Required work:
In the records that follow, find the line containing "Short contract durations, serial" and the line containing "为深入贯彻我校《2023年心", then transcribe both and every line between them exactly, omitting pictures.

Extracted information:
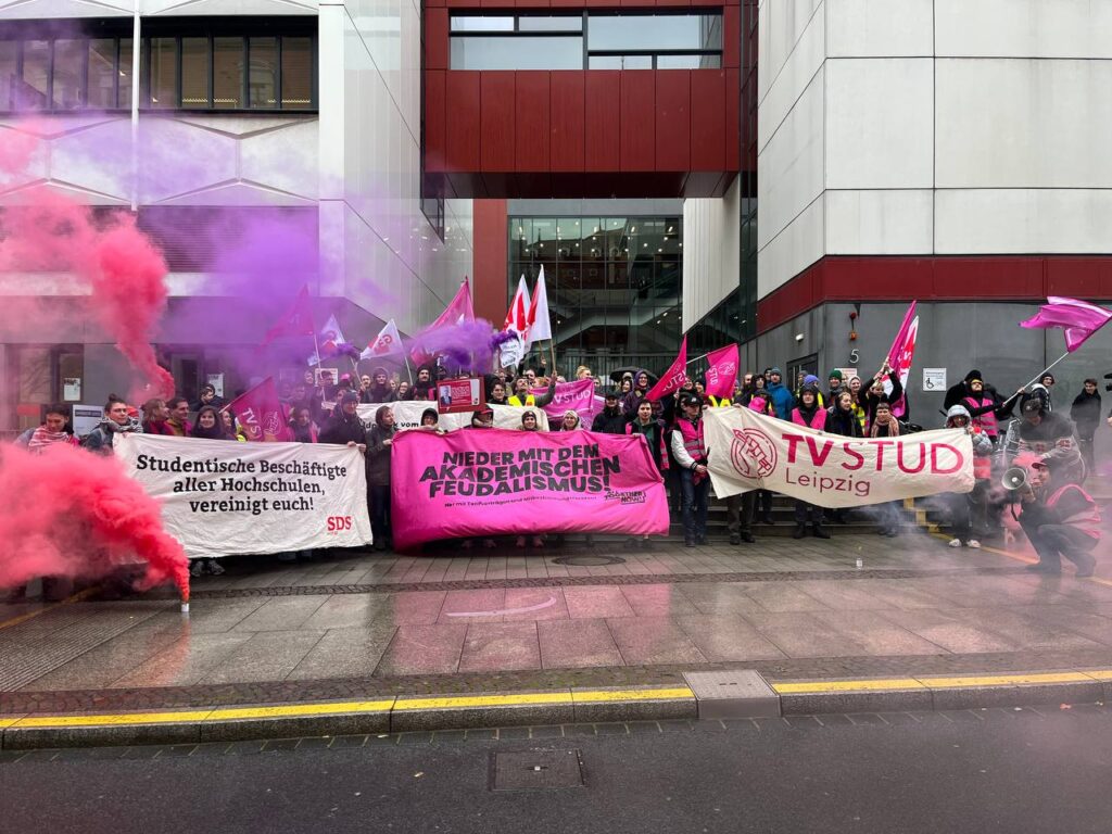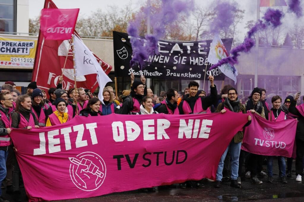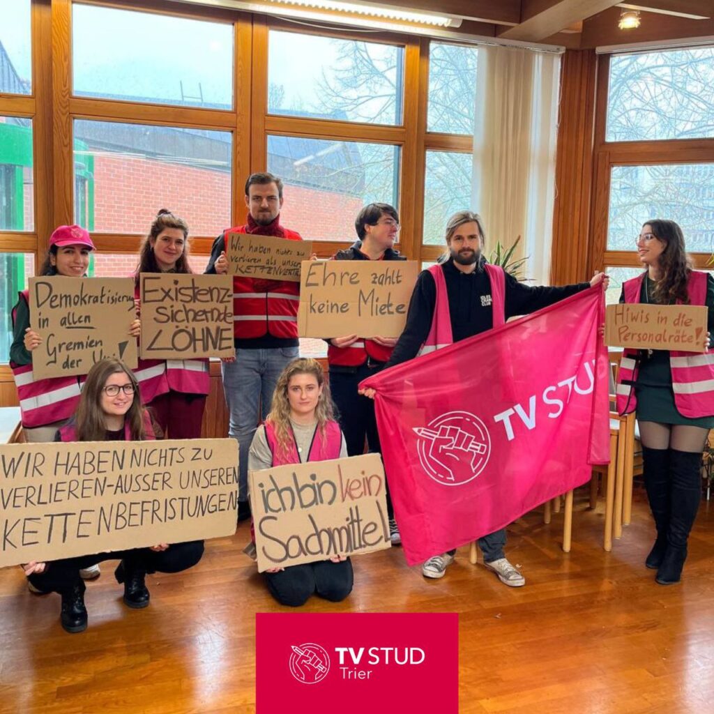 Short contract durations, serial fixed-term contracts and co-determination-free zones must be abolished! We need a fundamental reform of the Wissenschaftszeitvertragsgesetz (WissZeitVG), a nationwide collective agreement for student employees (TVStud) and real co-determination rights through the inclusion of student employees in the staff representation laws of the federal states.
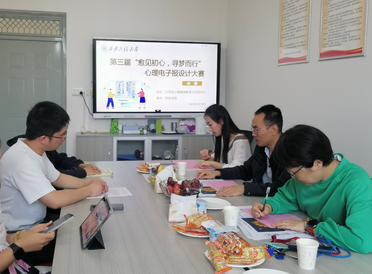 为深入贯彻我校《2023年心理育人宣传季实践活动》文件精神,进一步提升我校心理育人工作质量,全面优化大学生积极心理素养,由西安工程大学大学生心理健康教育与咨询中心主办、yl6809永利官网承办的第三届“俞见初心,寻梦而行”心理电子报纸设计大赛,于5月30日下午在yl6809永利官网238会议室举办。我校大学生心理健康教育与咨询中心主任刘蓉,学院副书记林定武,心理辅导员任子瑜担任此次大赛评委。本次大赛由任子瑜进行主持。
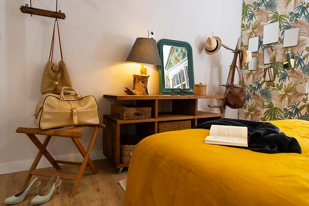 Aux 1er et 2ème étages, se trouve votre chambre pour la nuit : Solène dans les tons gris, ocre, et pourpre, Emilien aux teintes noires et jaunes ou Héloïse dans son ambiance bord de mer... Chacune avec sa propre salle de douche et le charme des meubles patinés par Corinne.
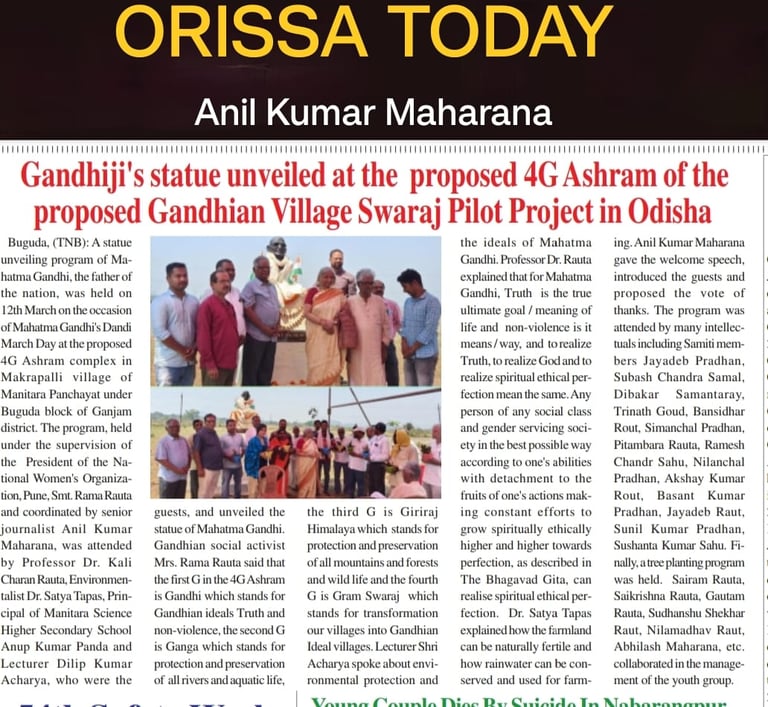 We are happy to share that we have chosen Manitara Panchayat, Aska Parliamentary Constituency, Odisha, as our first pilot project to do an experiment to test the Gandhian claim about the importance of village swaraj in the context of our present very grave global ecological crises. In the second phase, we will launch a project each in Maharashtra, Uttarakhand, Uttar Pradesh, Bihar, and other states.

--

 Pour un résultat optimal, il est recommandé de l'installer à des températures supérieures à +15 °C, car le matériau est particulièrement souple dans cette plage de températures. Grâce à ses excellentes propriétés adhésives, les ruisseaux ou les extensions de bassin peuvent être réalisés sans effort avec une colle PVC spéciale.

Result:
 Short contract durations, serial fixed-term contracts and co-determination-free zones must be abolished! We need a fundamental reform of the Wissenschaftszeitvertragsgesetz (WissZeitVG), a nationwide collective agreement for student employees (TVStud) and real co-determination rights through the inclusion of student employees in the staff representation laws of the federal states.
 为深入贯彻我校《2023年心理育人宣传季实践活动》文件精神,进一步提升我校心理育人工作质量,全面优化大学生积极心理素养,由西安工程大学大学生心理健康教育与咨询中心主办、yl6809永利官网承办的第三届“俞见初心,寻梦而行”心理电子报纸设计大赛,于5月30日下午在yl6809永利官网238会议室举办。我校大学生心理健康教育与咨询中心主任刘蓉,学院副书记林定武,心理辅导员任子瑜担任此次大赛评委。本次大赛由任子瑜进行主持。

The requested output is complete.